Gold is often the most complex layer because its design varies on the scope of your architecture. In the simplest scenario, your Lakehouses are only aligned with the source-system side. If so, data that sits in Gold will represent “data product” data. Thus, data is generic and user-friendly for broad distribution to many other domains. Then, and after distribution, you expect data to land in another platform. This could be a Lakehouse again. If so, you would expect Gold in these platform to match the precise requires of analytical consumers. Thus, data has been modelled. Its shape and structure is highly specific for the use case you’re working on. The upper way of working could lead to principles in which you allow domains to only operate on internal data that is not directly served to other domains. So, there might be tables that are flexible and can be adjusted at any times. And there are other tables with a formal status that are being consumed by other parties.

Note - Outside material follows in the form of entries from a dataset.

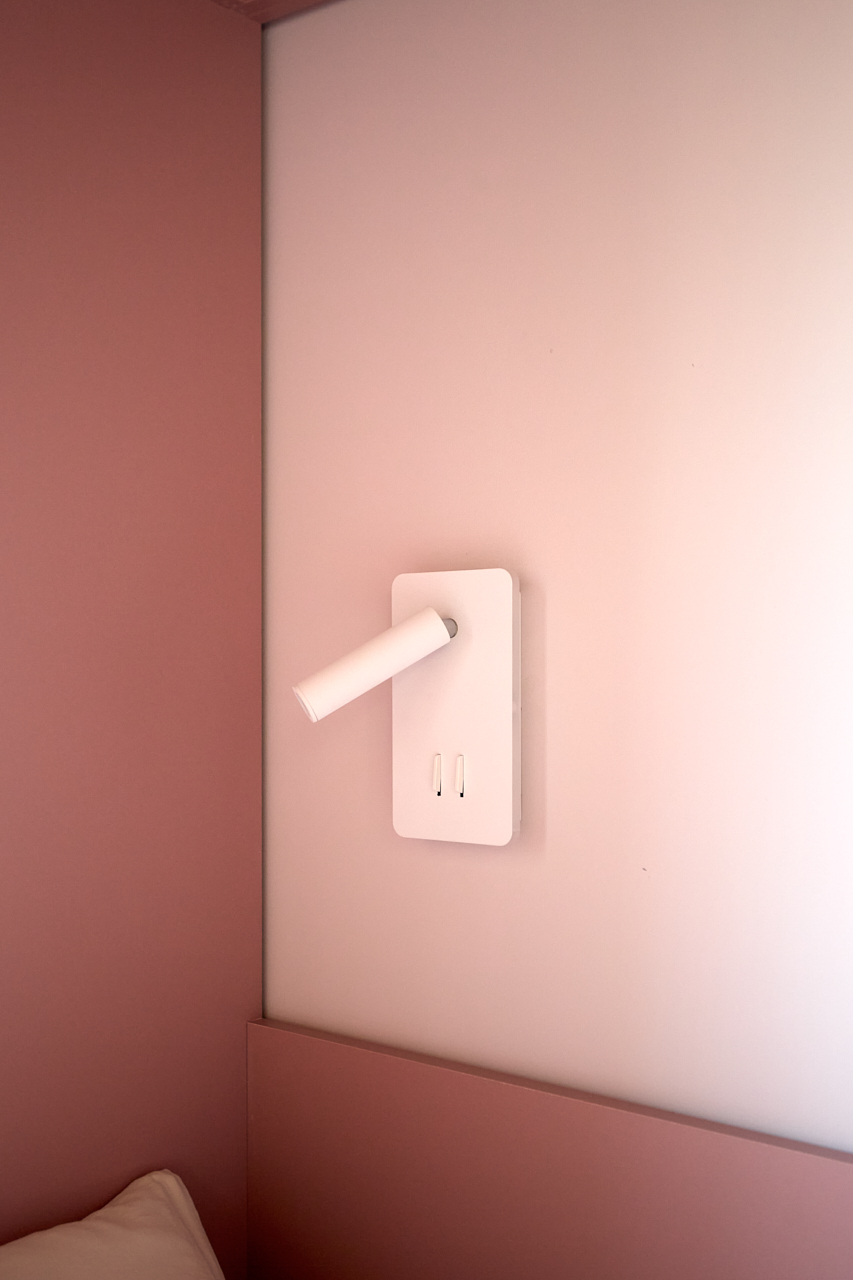 Для освещения над кроватями выбрали функциональный настенный светильник Arte Lamp ELECTRA A8233AP-1WH с двумя источниками света. Корпус с LED подсветкой по периметру создает парящий эффект. Спот с поворотным механизмом вращается в разные стороны. Кнопки на корпусе позволяют управлять источниками света по отдельности.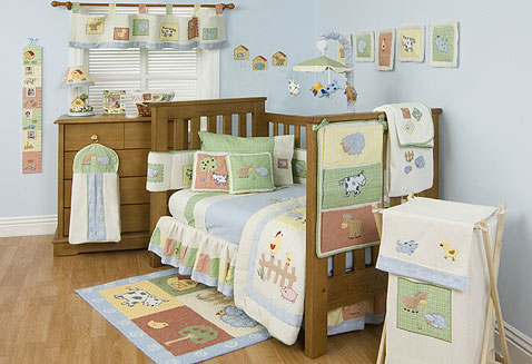 Kidsline Barnyard Bedding $75 Includes: Bumper, quilt, valance (1), wall hangings, rug, lamp shade, diaper bag, nightlight, mobile, Fleece Blankets (2), light switch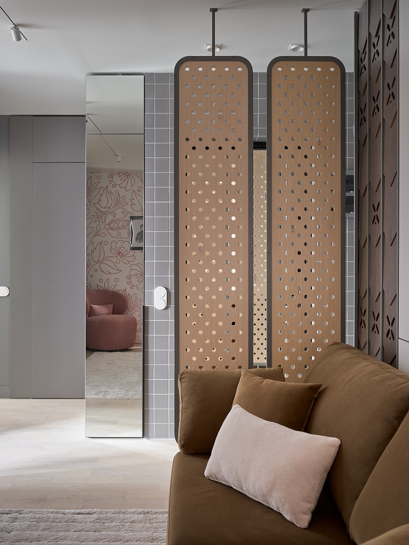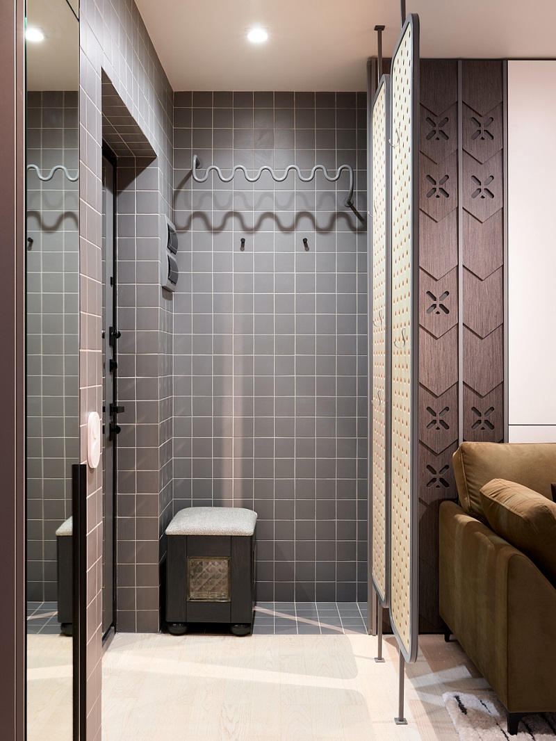 Уютная комната в новом проекте «Квартирного вопроса» объединяет несколько функций: прихожая, гостиная и спальня здесь живут вместе, но не мешают друг другу.

If your Lakehouse scope is larger and targets both sides, then, extra layers are expected. Some people call these extra layers workspace or presentation layers. In such a design, data in Gold is more generic. It’s integrated and prepared for a set of use cases. Then, within these workspace or presentation layers you see subsets. Such a design is very similar to how you usually do data modeling within data warehousing. Gold behaves like a generic integration layer from which data marts or subsets can be populated.

Some companies also use these workspace or presentation layers for sharing data across to other platforms or teams. So, they make selections and/or prefilter data for specific use cases. Other customers apply tokenization, which means that they replace sensitive values with randomized data strings. Other use additional services for data anonymization. You could argue that this data in a way behaves as “data product” data.

I hope you found this a helpful article. And to all of you building a next generation data platform: enjoy the trip!